Острым бутоном, как наконечником стрелы, пробила морозную крошку сомнений благодарность, распустилась и густо зацвела ярко-красным. Неро был несправедлив к Ви с самого начала — и ему стоит извиниться и начать понемногу ослаблять хватку, позволять Ви ходить на задания. Он не может продержать его взаперти вечность, как бы ни хотел. Певчие птицы в золотых клетках не льют сладкие трели. Они гибнут.
А гибели своей дивной птицы Неро никогда бы не допустил.
Можно начать с чего-то попроще. Чтобы у Ви была возможность быть рядом и видеть его, а у Неро — сосредоточиться на задании, будучи полностью уверенным в том, что демона он спокойно прикончит в одиночку и без помощи Ви или его фамильяров. Что Ви не подставится, а если заскучает и вздумает геройствовать — Неро будет начеку. Может быть, даже позволит ему нанести смертельный удар, якобы замешкавшись на периферии.
Или попробовать что-то совсем уж простое, невинное и безобидное: вытащить его на прогулку в город — Неро вскинул голову, приоткрыл рот, поражённый тем, как эта простая мысль не приходила ему в голову прежде. Держать Ви за руку, греть холодные пальцы в своей ладони и лучиться счастьем, белым, незаметным в снежных декабрьских полутонах.

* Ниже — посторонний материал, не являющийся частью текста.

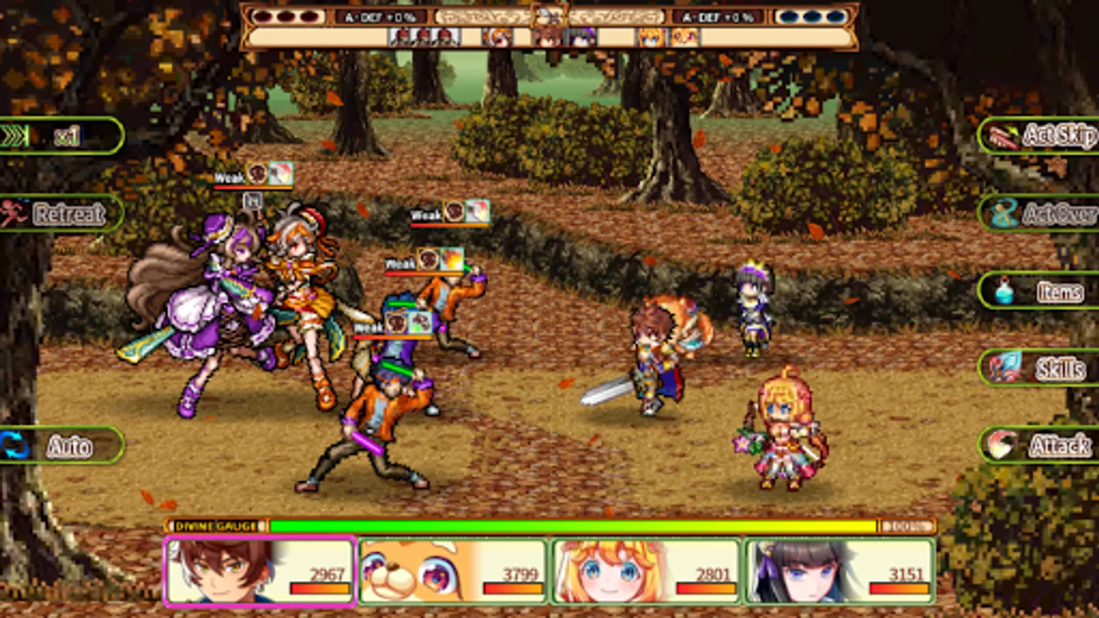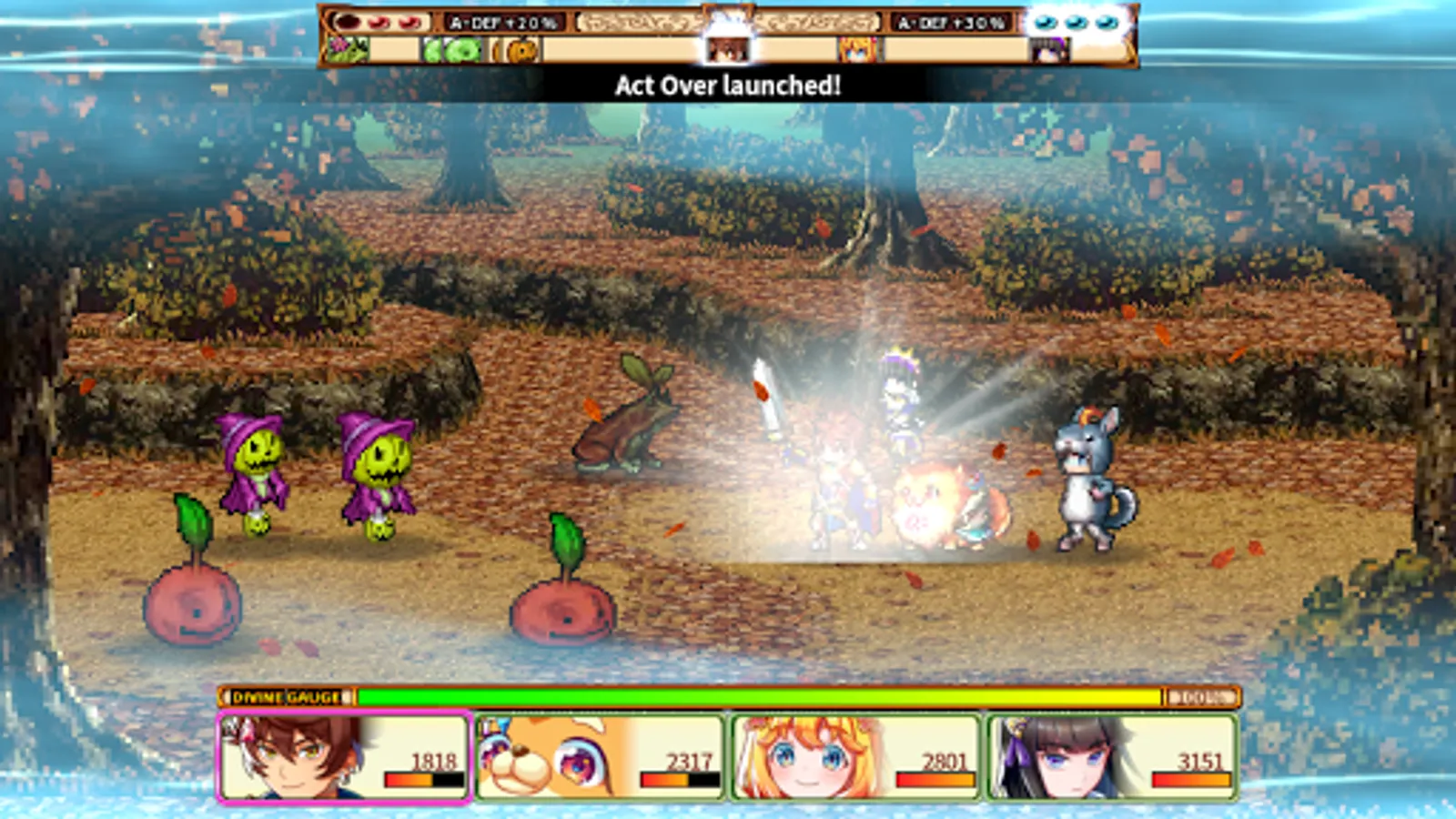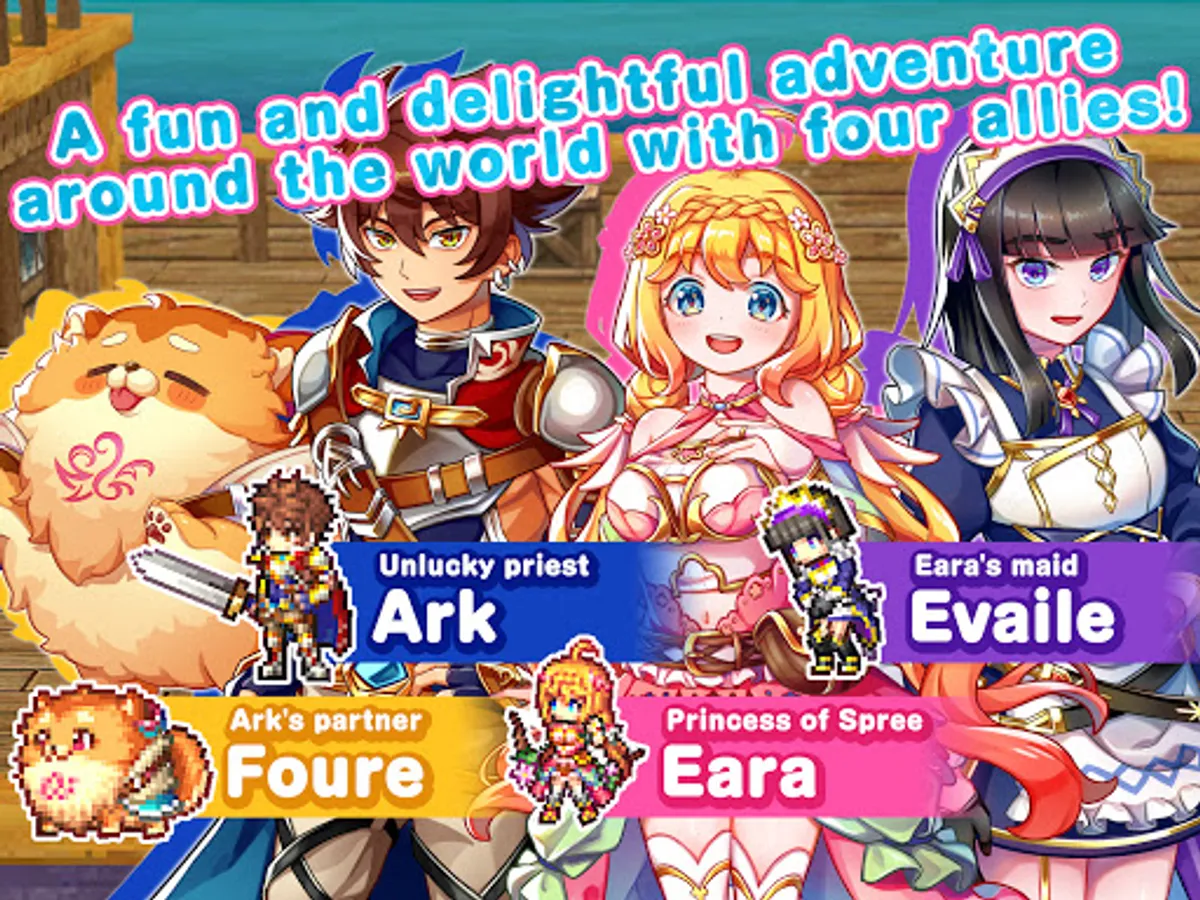 Make use of up to three roles per character to enjoy the variety in skills, effects and even costumes. In turn-based battles you can charge special orbs to use Act Over and launch up to four continuous actions. It's fun just to watch the charm of pixel arts in this fantasy JRPG!
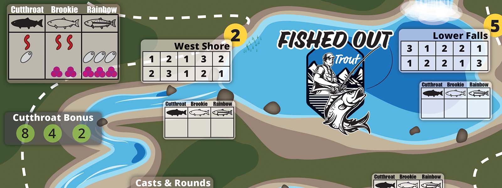 Fished Out: Trout is a roll and write game for angling adventurers. You'll use dry erase markers on the 6 part board and on your player card to track down fish as you roll custom dice that determine your cast quality and lure variety.
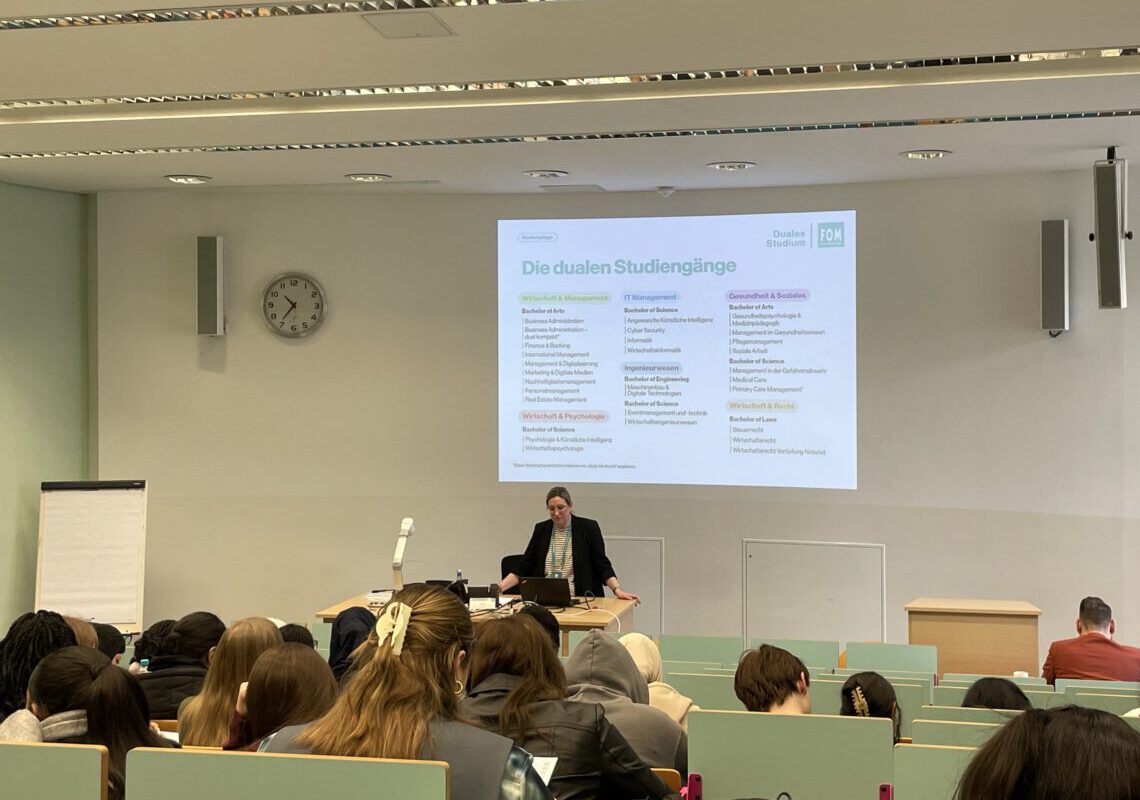 Neben einem grundlegenden Info-Vortrag zu den verschiedenen Studienoptionen, die die FOM bietet, nahmen die Schülerinnen und Schüler auch an zwei Probe-Vorlesungen teil:

Ломать корку наста подошвами, чем громче, тем лучше, дышать свежим уличным воздухом полной грудью и присматриваться к реакции Ви на окружающее: что ему понравится, что заинтересует и где стоит задержаться, а откуда лучше увести чуть ли не силой, придерживая уже не за руку — за локоть.
Конечно же, не дотерпеть до возвращения домой и затащить его в безлюдный проулок, дерзко улыбнуться в ответ на лукавый взгляд с прищуром — и понять, что мысли Ви идентичны его собственным. Потянуть за подбородок, языком собрать с губ привкус сливочной пенки от недавно выпитого кофе — и крепко поцеловать. Затеряться в вихре мелких колючих снежинок, в тепле чужого дыхания и холоде рук, в трескучем, как лютый мороз или бушующее пламя, необъятном счастье.
Книга накренилась, выскользнула и шлёпнулась на пол, уголком ударив Неро по пальцам ног. Отрезвление оказалось на удивление неприятным, несравнимым с воображаемыми картинами. Шикнув от боли, раздосадованный и взбудораженный, Неро подхватил её, разложил на коленях и агрессивно зашуршал страницами, отыскивая место, на котором остановился. Уродливую пальму-демона; до такой даже Роршах не додумался бы, вероятно, или кто там эти жуткие пятна придумал. Про Тони Р. однозначно следовало спросить у Данте.
Тихий тактичный кашель отвлёк, прошёлся по позвоночнику искристыми нитями электричества и стеганул, точно кнутом, напоследок — Неро подскочил на месте. Не услышал, как Ви спустился и приблизился к нему, как уплотнилась и застыла толстым стеклом тишина; не почувствовал, как чужой взгляд срисовал с его лица отпечаток грёз о холодных руках и сладких кофейных поцелуях — и как долго Ви находился здесь? Как долго смотрел на него?
Для чего?
— Что он сказал? О чём вы говорили? — подорвался на ноги Неро. Отбросив книгу на сиденье, он в два шатких шага приблизился к Ви, зачем-то взял его за руку, отпустил и похлопал по плечу, по груди, бегло тронул локоть; засуетился неловко и бестолково, словно проверяя, не проступит ли на одежде кровавый след от скрытой раны. — Он что-то сделал с тобой?!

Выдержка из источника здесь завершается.